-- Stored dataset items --

----

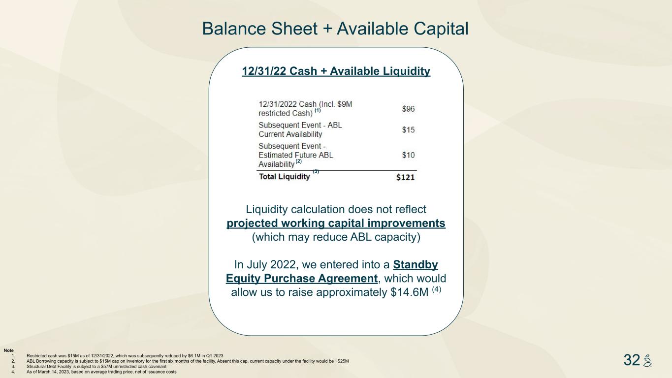 NOTES START FROM HERE AND GROW UP NO CONTENT BELOW THIS LINE CONTENT BELOW THIS LINE SUBTITLE BELOW THIS LINE TITLE CAN NOT GO ABOVE THIS LINE 3 59 76 0 114 88 120 159 144 130 186 128 102 163 157 172 196 200 255 255 255 0 0 0 247 243 228 3 59 76 247 243 228 32 Balance Sheet + Available Capital 12/31/22 Cash + Available Liquidity Liquidity calculation does not reflect projected working capital improvements (which may reduce ABL capacity) In July 2022, we entered into a Standby Equity Purchase Agreement, which would allow us to raise approximately $14.6M (4) Note 1. Restricted cash was $15M as of 12/31/2022, which was subsequently reduced by $6.1M in Q1 2023 2. ABL Borrowing capacity is subject to $15M cap on inventory for the first six months of the facility. Absent this cap, current capacity under the facility would be ~$25M 3. Structural Debt Facility is subject to a $57M unrestricted cash covenant 4. As of March 14, 2023, based on average trading price, net of issuance costs (2) (3) (1)
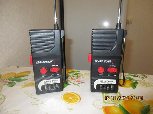 На прием шумят, на передачу работают вблизи - вероятно разбежались частоты и нужна подстройка. Корпуса целые, телескопические антенны выдвигаются, выключатели питания требуют внимания.
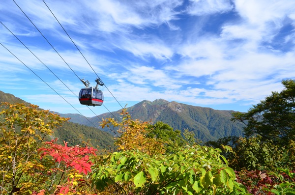 春は残雪と新緑の風景が広がり、夏の山々は緑で覆いつくされた圧巻の景色。秋の紅葉シーズンはまるで色とりどり絨毯の上をロープウェイが飛ぶように運行し、標高差による色づきのグラデーションを楽しめるでしょう。
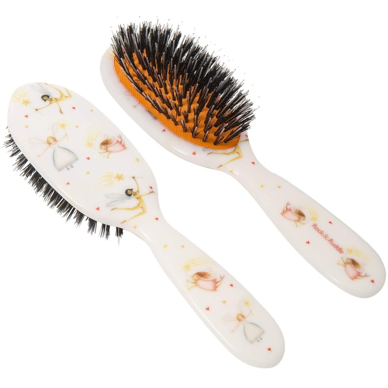 Rock & Ruddle Natural Mixed Bristle Hair Brush for Women and Kids (Small 6.9") - Perfect for Wet or Dry Hair, Detangling Smoothing Blowdrying - Designed & Made in UK - Fairies Design
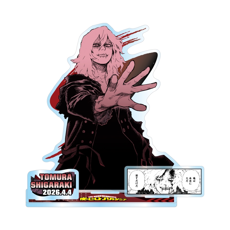『僕のヒーローアカデミア』死柄木弔のイラスト+作中の名場面のコマイラスト+名前&誕生日パーツが立体的に組みあがった、アクリルジオラマフィギュア!
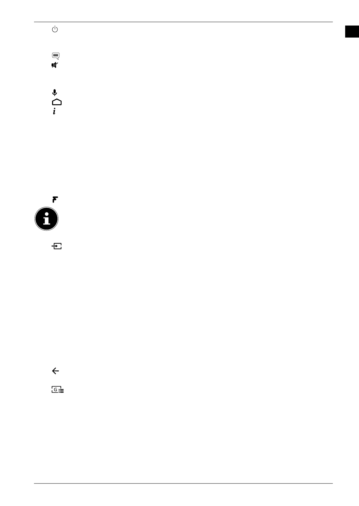 1) : Switch smart TV on/off (switch standby mode on/off)
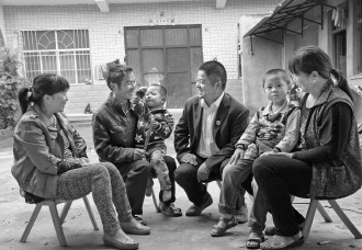 每成功调解一起纠纷,都要进行一次回访。在李现作(左二)家,侯先亮所长正与他促膝交谈。
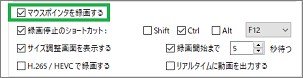 マウスポインタを録画する設定を行うことができます。普段の動画を録画する時は、マウスポインタが録画されないようにオフにしておきます。マウスポインタを録画したい時には、オンにすると録画することができます。操作説明など作成するときに便利に使用できます。
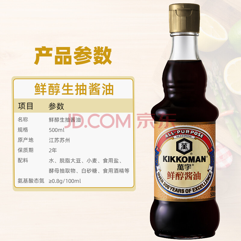 商品相册:万字鲜醇生抽酱油500ml【特级酱油】 0防腐剂0色素调味炒菜凉拌龟甲万第
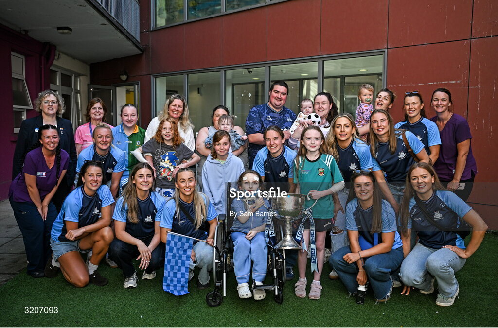 4 August 2025; TG4 All-Ireland Ladies Senior Football Champions Dublin pictured with the Brendan Martin Cup and hospital patients and staff during a visit by the players to Children's Health Ireland at Crumlin, Dublin. Photo by Sam Barnes/Sportsfile
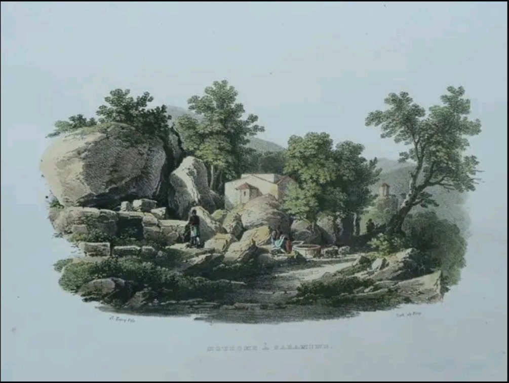 Xωριὸ Μουλκίου, 1811, χαρακτικο του βαρώνου Otto Magnus von Stackelberg. Η εκκλησία (17ου αιωνος) του Αγίου Ιωάννου του Νηστευτου (Νηστικού) καὶ στὸ βάθος η εκκλησία της Μεταμορφώσεως του Σωτηρος, του 12ου αιωνος.
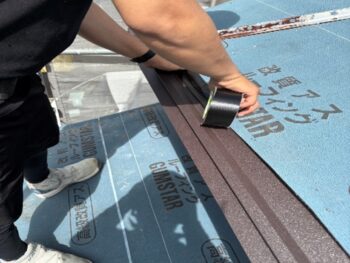 職人が細かい部位の処理を行い、雨仕舞いを丁寧に整えています。金属屋根材を取り付ける前の重要な防水処理です。
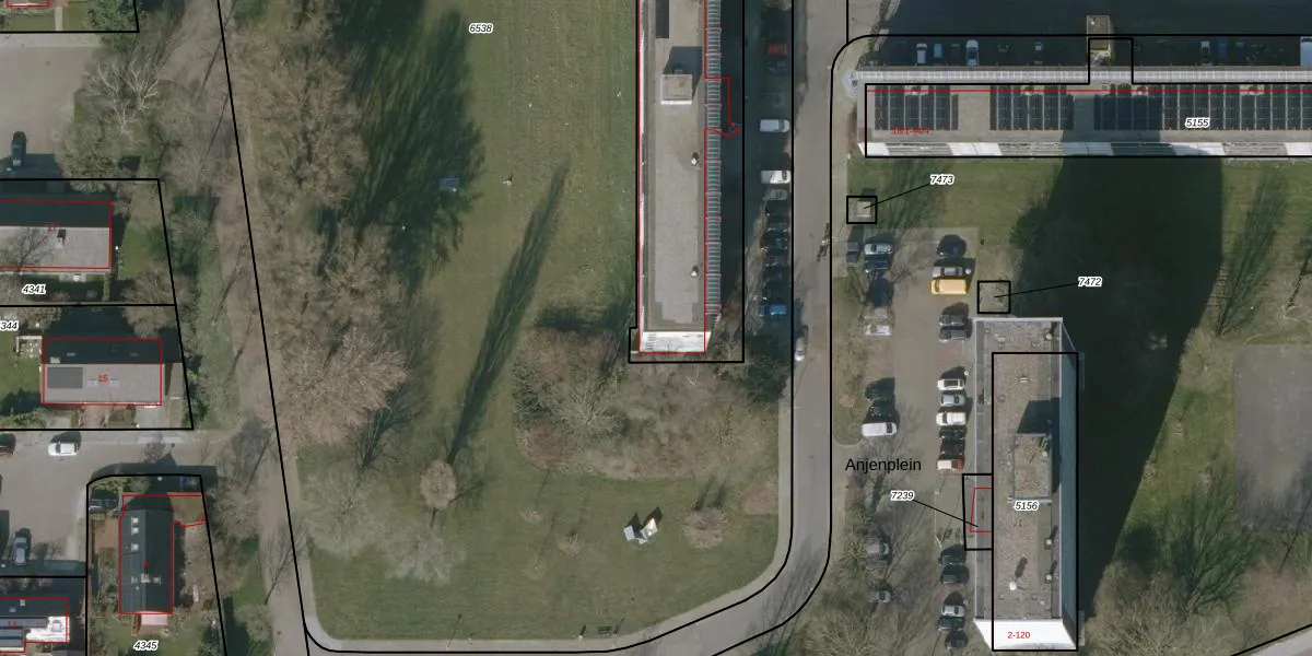 Het perceel waarop de Anjen 27-6 staat heeft een oppervlakte van 2090 m². Dit is een zeer groot perceel. De perceeloppervlakte wordt geregistreerd door het Kadaster. Gedetailleerde informatie over de maten van dit perceel kunt u vinden in het rapport Kadastrale kaart met maatvoering van de Anjen 27-6.
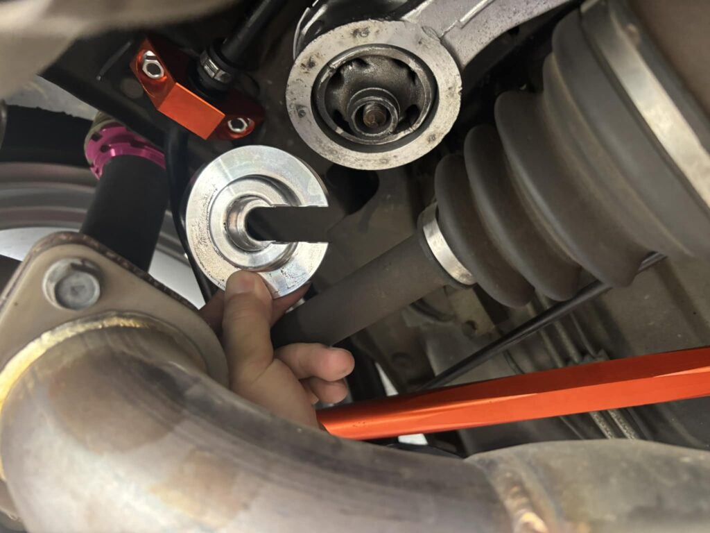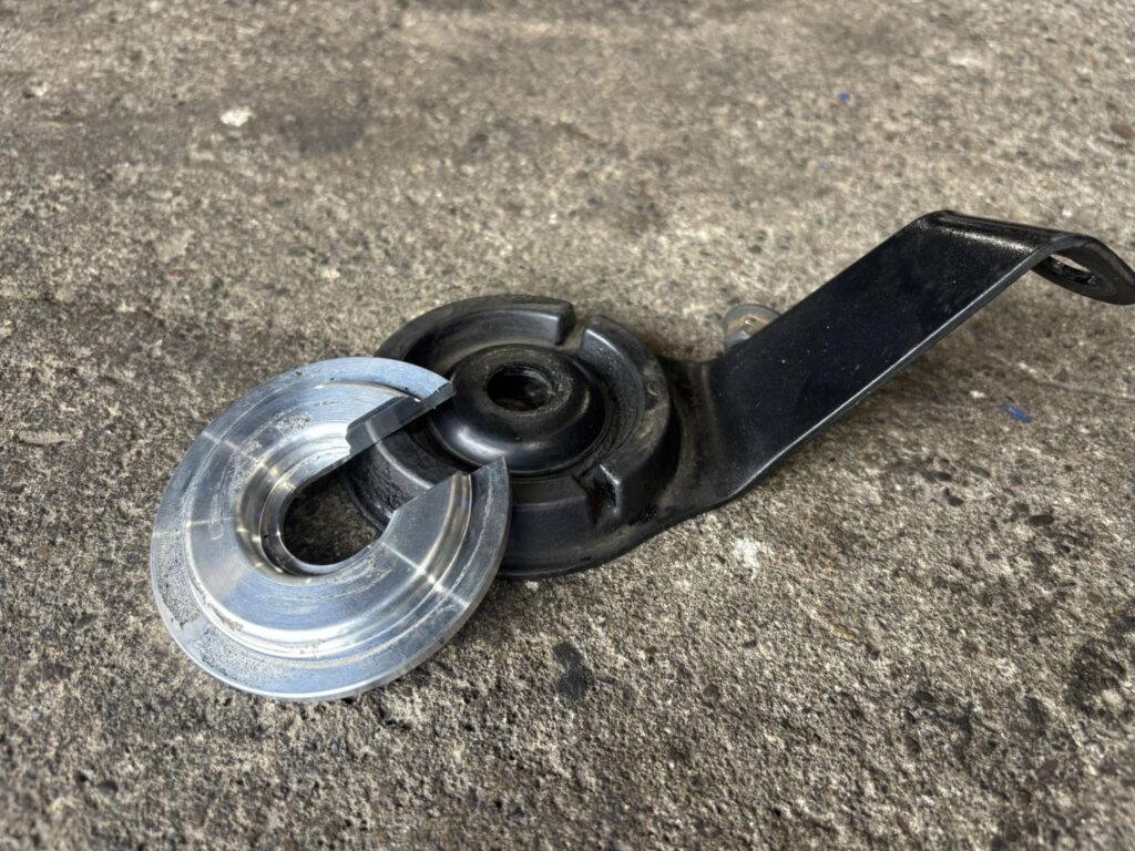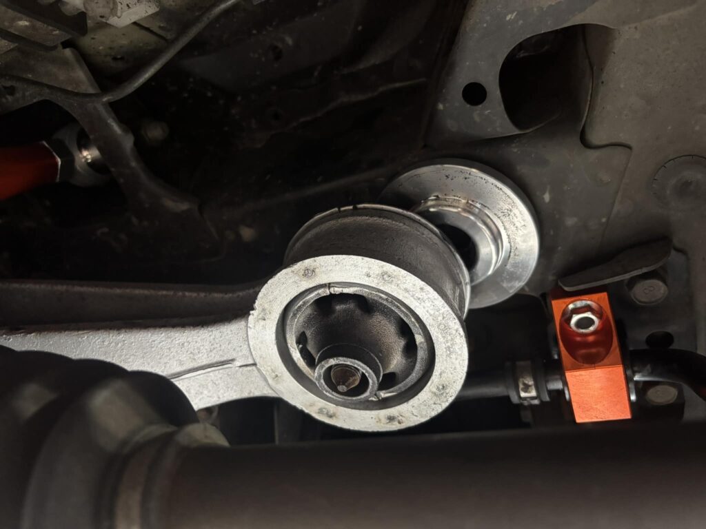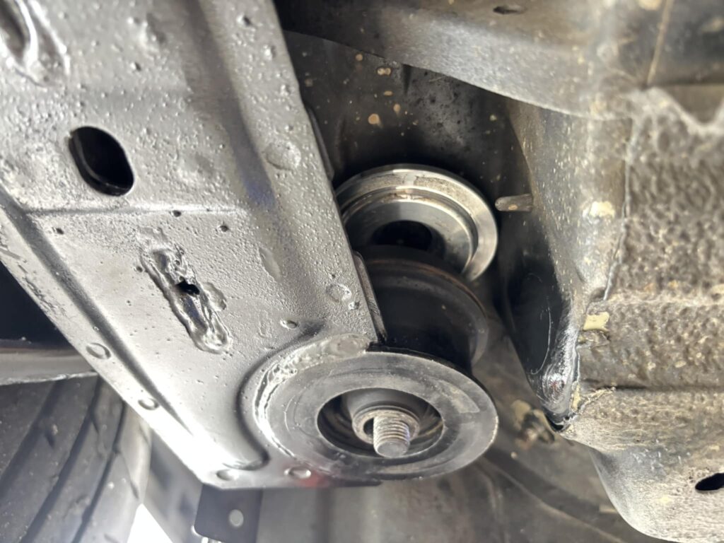 純正のブッシュのままカラーを挟むだけだが

----

Using the entries above, transcribe exactly from the line that has "Xωριὸ Μουλκίου, 1811, χαρακτικο" through the line that has "職人が細かい部位の処理を行い". Pictures are dropped.

-- Solution for this exercise --
 Xωριὸ Μουλκίου, 1811, χαρακτικο του βαρώνου Otto Magnus von Stackelberg. Η εκκλησία (17ου αιωνος) του Αγίου Ιωάννου του Νηστευτου (Νηστικού) καὶ στὸ βάθος η εκκλησία της Μεταμορφώσεως του Σωτηρος, του 12ου αιωνος.
 職人が細かい部位の処理を行い、雨仕舞いを丁寧に整えています。金属屋根材を取り付ける前の重要な防水処理です。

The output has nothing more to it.